• Given data:

_ _ _ _ _ _ _

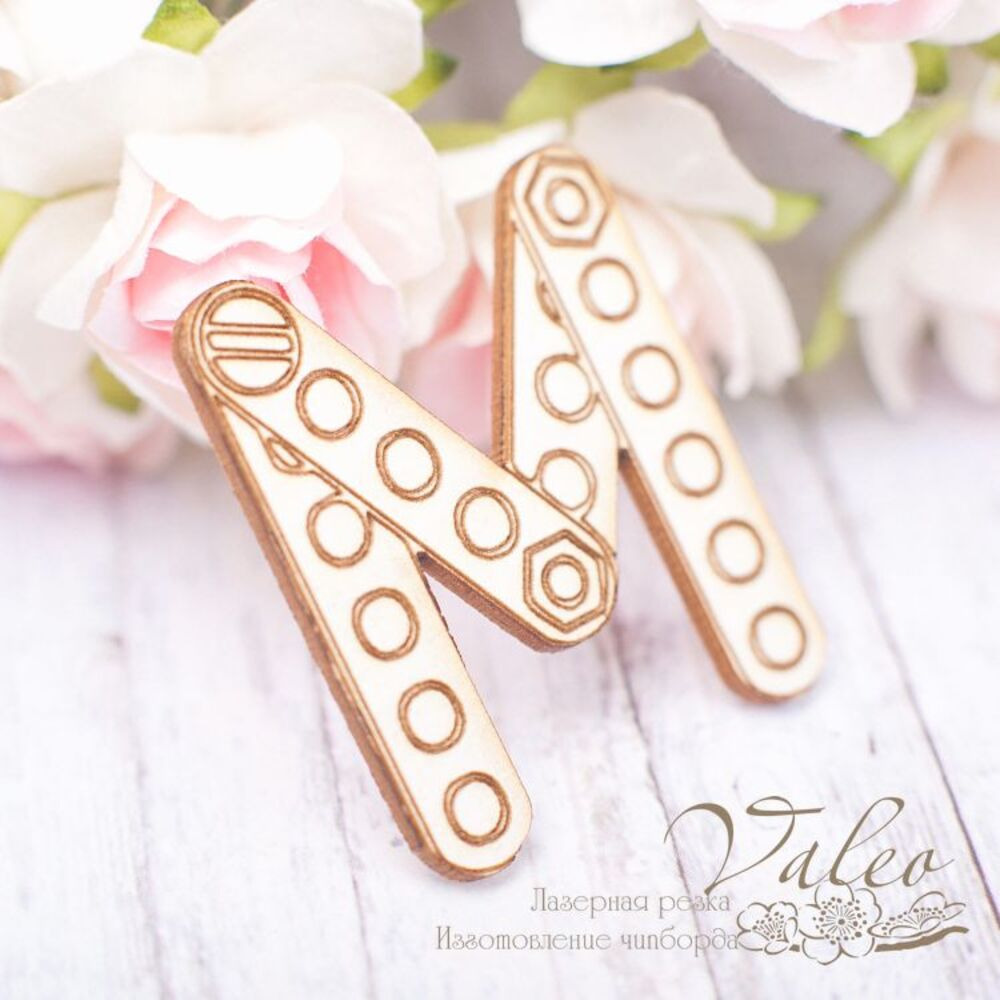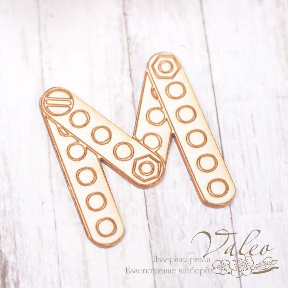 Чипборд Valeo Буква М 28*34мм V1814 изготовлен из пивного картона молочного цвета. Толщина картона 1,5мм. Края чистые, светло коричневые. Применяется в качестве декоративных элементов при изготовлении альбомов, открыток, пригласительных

_ _ _ _ _ _ _

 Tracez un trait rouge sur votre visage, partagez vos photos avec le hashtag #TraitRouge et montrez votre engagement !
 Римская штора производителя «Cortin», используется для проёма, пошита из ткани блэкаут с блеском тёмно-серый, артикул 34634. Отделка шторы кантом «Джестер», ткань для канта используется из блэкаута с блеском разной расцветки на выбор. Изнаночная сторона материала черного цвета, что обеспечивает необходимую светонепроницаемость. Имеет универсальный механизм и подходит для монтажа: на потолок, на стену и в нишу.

_ _ _ _ _ _ _

• Exercise details: Transcribe the records above from the line holding "Tracez un trait" down to the line holding "Римская штора производителя", inclusive, without adding anything.

• Answer space:
 Tracez un trait rouge sur votre visage, partagez vos photos avec le hashtag #TraitRouge et montrez votre engagement !
 Римская штора производителя «Cortin», используется для проёма, пошита из ткани блэкаут с блеском тёмно-серый, артикул 34634. Отделка шторы кантом «Джестер», ткань для канта используется из блэкаута с блеском разной расцветки на выбор. Изнаночная сторона материала черного цвета, что обеспечивает необходимую светонепроницаемость. Имеет универсальный механизм и подходит для монтажа: на потолок, на стену и в нишу.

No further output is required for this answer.